The sunlight was like walking into the lobby of a Hilton. The clearing was level and there were several patches of white flowers resembling miniature daisies. She let the pack fall heavily to the ground and plopped down beside it. After several minutes, she dragged the pack over to the edge of the trees. She figured she had gone no more than two miles but it was far enough. “You’re not in as good of shape as you thought you were,” she said as she rolled out her tent, “Pocahontas my ass.”
It did not take her long to pitch her tent and roll out her bag and sleeping mat. She found a small stump and rolled it over to her tent for a table and picked several of the small flowers and stuck them in a crack in the stump. She leaned her pack up against the stump. Stepping back, her camp was beautiful in its simplicity.
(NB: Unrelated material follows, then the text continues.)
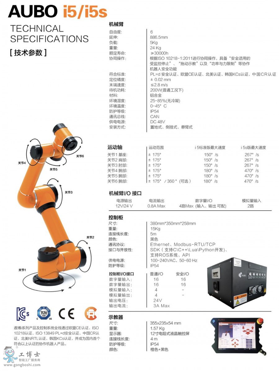 遨博智能是致力于輕型協作機器人研發、生產和銷售的國家高新技術企業。旨在以模塊化、開放性的輕型協作機器人為基礎,融合工業互聯網和工業大數據的設計理念,開拓***的智能工業生產遨博I系列協作機器人的代表性產品AUBO-i5已符合多項國家國際安全標準,i3協作機器人可應用于3C、金屬加工、食品、醫藥、科研培訓物流,AUBO-i7重點解決了金屬加工領域的一些應用需求, AUBO-i10是負載超大的遨博協作機器人,遨博具有強勁的性價比優勢和市場競爭力。 - 無需安裝防護欄,可與人近距離作業;- AUBO-i5協作機器人可勝任末端負載為5kg以下的自動化作業;- 臂展為1008mm,可滿足工作范圍在886.5mm以內的作業任務;- i5協作機器人可應用于3C、汽車零部件、金屬加工、食品、醫藥、物流等行業,實現上下料、裝配、鎖螺絲、噴漆、焊接等應用.
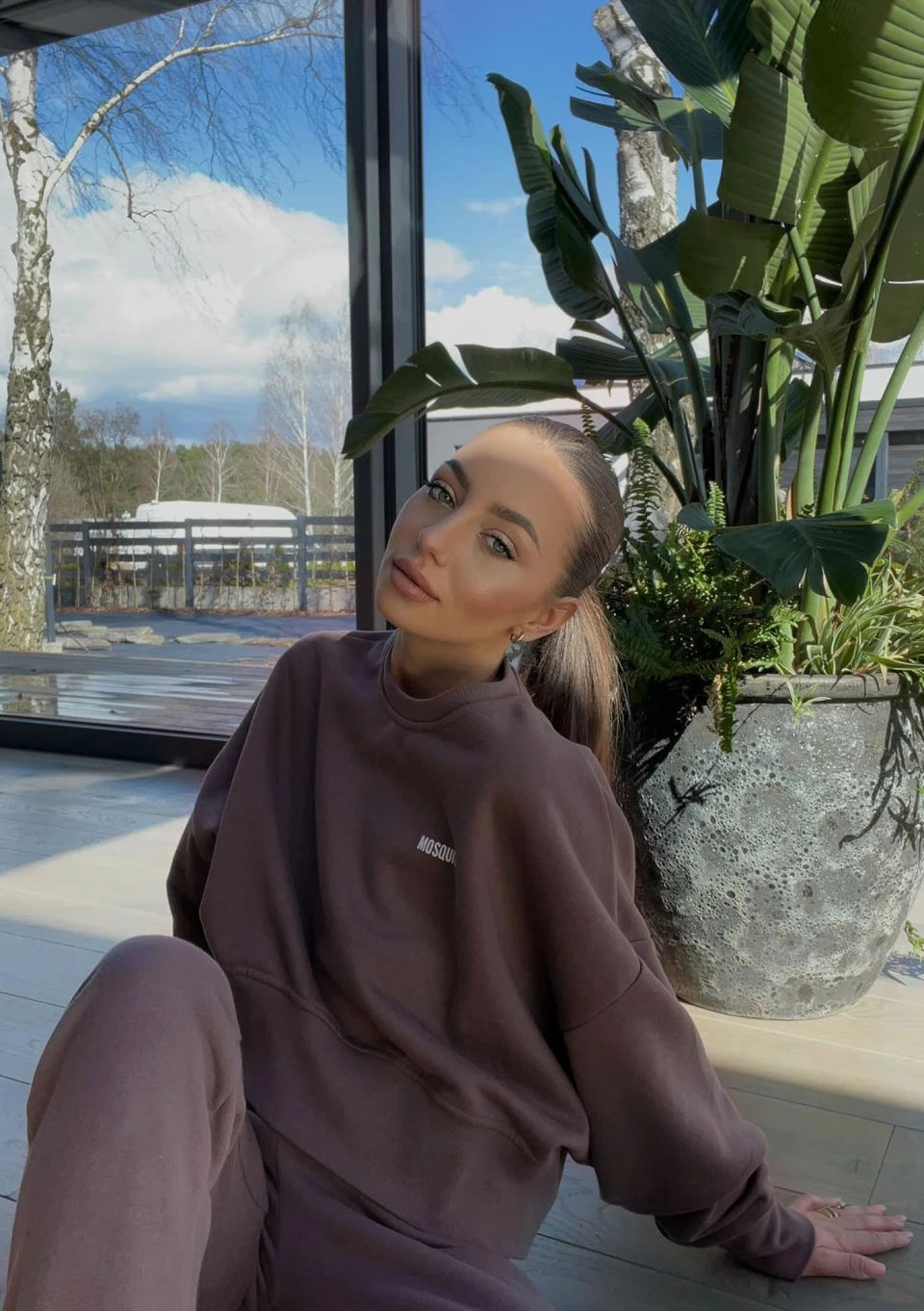 Stylowa bluza damska o swobodnym kroju oversize. Model brązowy, wykonany z dzianiny bawełnianej z miękkim meszkiem od spodu.

Her legs no longer hurt as much and, her shoulders, though sore, felt stronger. She spent thirty minutes picking up dead branches and carrying them back to her tent, and another thirty minutes bringing rocks to form a circle for a fire. When everything was in order, there were still several hours of light remaining. She did not want to sit down and tried to fight the feeling that she had to do something, anything. Over the past years she had never really been idle—when she was idle—she could not face her pain.
She decided to walk down the trail she had been on and try and see what she had missed on the way up. She felt as though there were springs on her feet without the weight of the backpack. As she back tracked she noticed ferns growing in damp areas and the way moss clung to the trees. Several chipmunks scolded her from the safety of a pile of boulders and she saw the footprints of a doe and her fawn. She had not noticed how noisy the forest was as she huffed up the trail, but now, she could hear the wind, the distant calls of unseen birds, the rumble of a stream and her own steady, rhythmic heartbeat. She stopped walking and shut her eyes. “I’m alone, but I’m not alone,” she said. “I’m a part of all life, of all time.”